Review content in AWS RDS walkthru for comparison and cost information
Time requirement:
~30 mins
Prerequisite:
VPC with public subnet.
Knowing your IP Address to create security group with limited access
Create EC2 Instance using latest AMI and preferred hardware type (t2.micro suitable for demo)
- in AWS EC2 Console, click “Launch Instance” button
- Add Name, select Amazon Linux
- provide key pair name - or create new pair if-needed (chmod 400 if newly created)
- Select Network Settings to pre-created VPC and Public Subnet
- verify “Auto-assign public IP” is “Enabled”
- if option is unavailable, VPC does not have public subnet
- Allow SSH traffic from “My IP” in the drop-down. (optional, but recommended)
- Launch Instance in lower right button
Deploy Postgres-17 install and expose ports
- Connect to your EC2 Instance
- ssh -i {pem file} ec2-user@{ec2 DNS name}
- Create prerequisite postgres directories
sudo mkdir /var/lib/pgsql/
sudo chown postgres:postgres /var/lib/pgsql/
- Identify latest supported version of PostgreSQL:
sudo yum search "postgres"
- Install postgres software
sudo yum install postgresql17-server.x86_64
- Initialize database:
sudo /usr/bin/postgresql-setup --initdb
- Use Amazon Linux commands to start/enable datbaase:
sudo systemctl start postgresql
sudo systemctl enable postgresql
sudo systemctl status postgresql
- Create credentials for initialized database:
sudo su - postgres
psql -c "ALTER USER postgres WITH PASSWORD '{new_password}';"

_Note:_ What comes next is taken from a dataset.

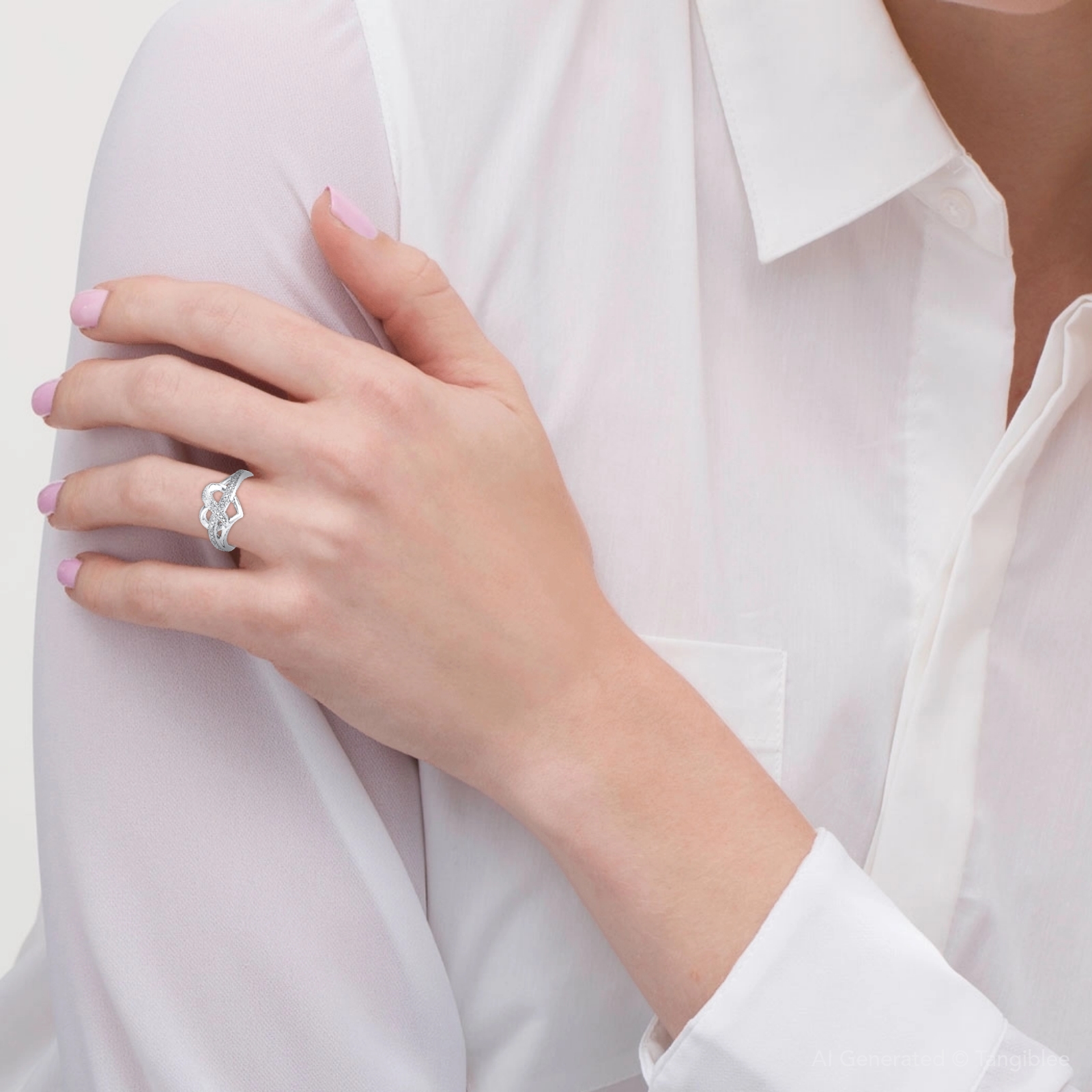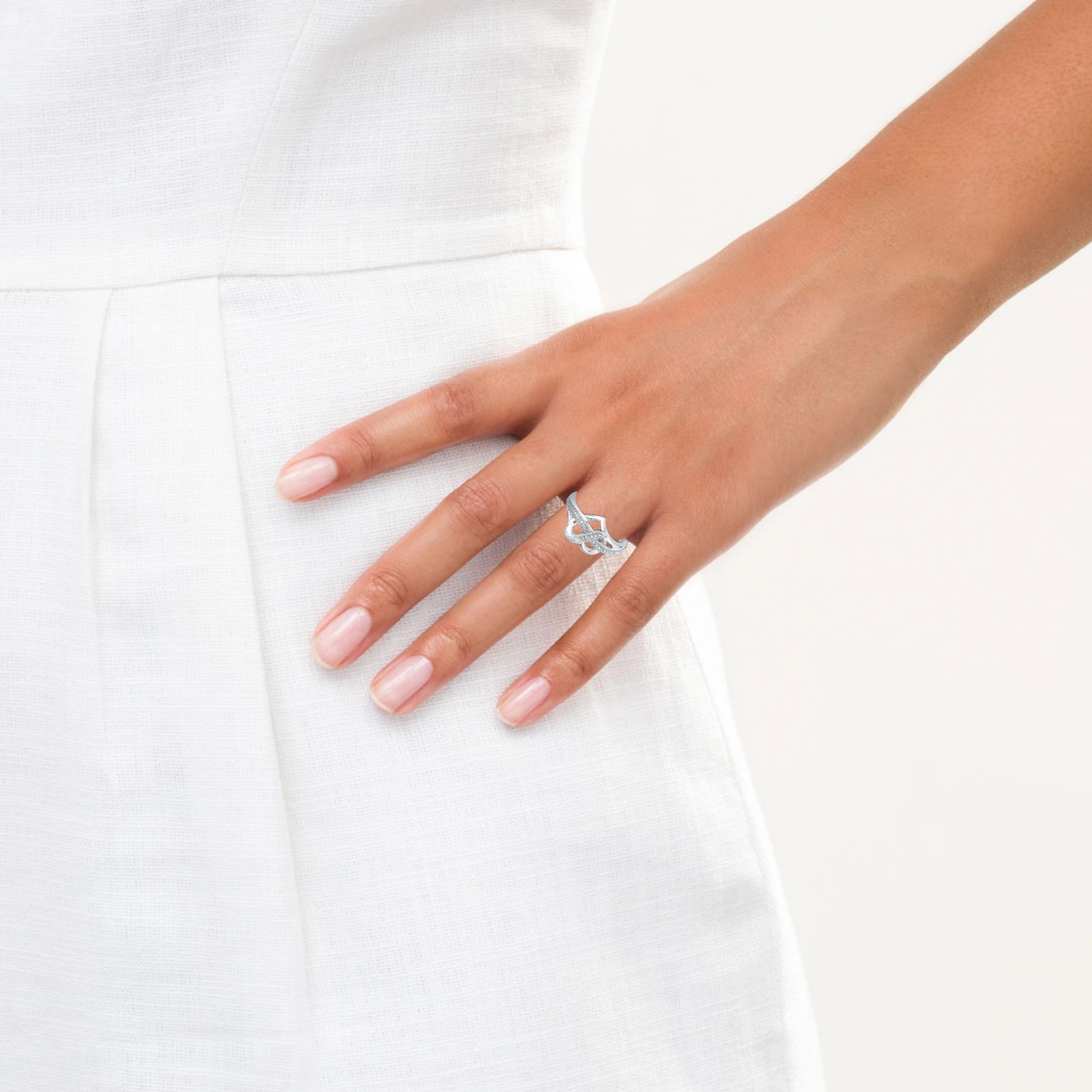 A dazzling band of diamond accents winds through a heart studded with more diamonds in this romantic ring for her. The ring is fashioned in sterling silver.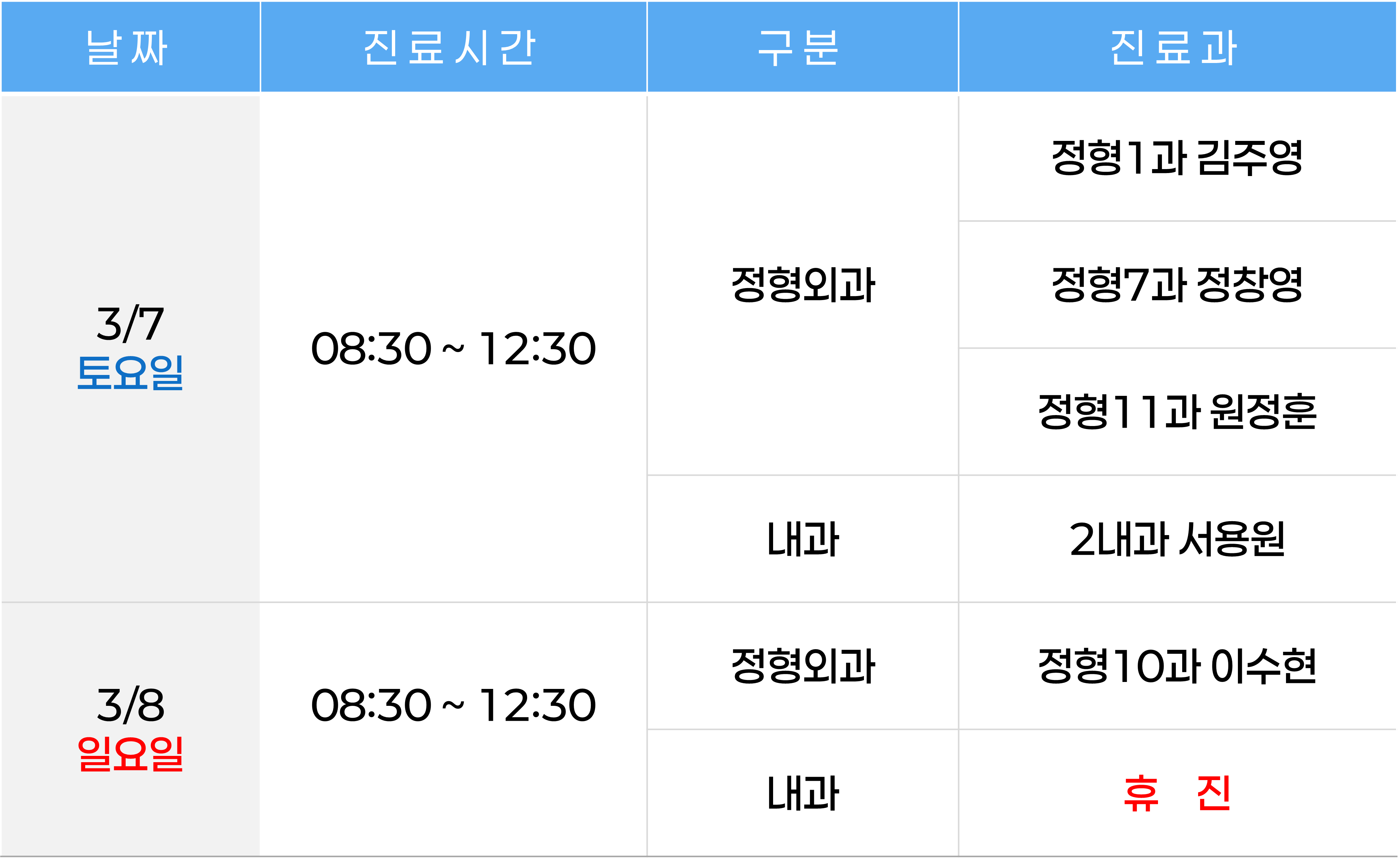 이춘택병원 주말진료 스케줄 안내드립니다.

Update listener/postmaster to accept external connections
- Update default listen_address from localhost to accept IPv4 connections:
vi /var/lib/pgsql/data/postgresql.conf
- update listen_addresses = ’localhost’ to *
vi /var/lib/pgsql/data/pg_hba.conf
- update ipV4 to 0.0.0.0/0 md5
- Restart postgres to process updated files:
sudo systemctl restart postgresql
If connections fail, verify VPC security groups
- Select the security group associated with your newly created VPC most likely the last, or longest-named group ID
- Edit inbound rules to add Postgres port 5432
- Click “Add Rule” > Type > PostgreSQL > Source: My IP
Route table for the VPC may also require whitelisting port 5432
Connection and further maintenance
In my example, I was provided the endpoint used to connect as:
psql -h database-1.cvf3het7fmyg.us-west-1.rds.amazonaws.com -U postgres
Cleanup EC2 resources
Using EC2 console, check running instance name and use “Instance state” > Terminate
Termination may take several minutes.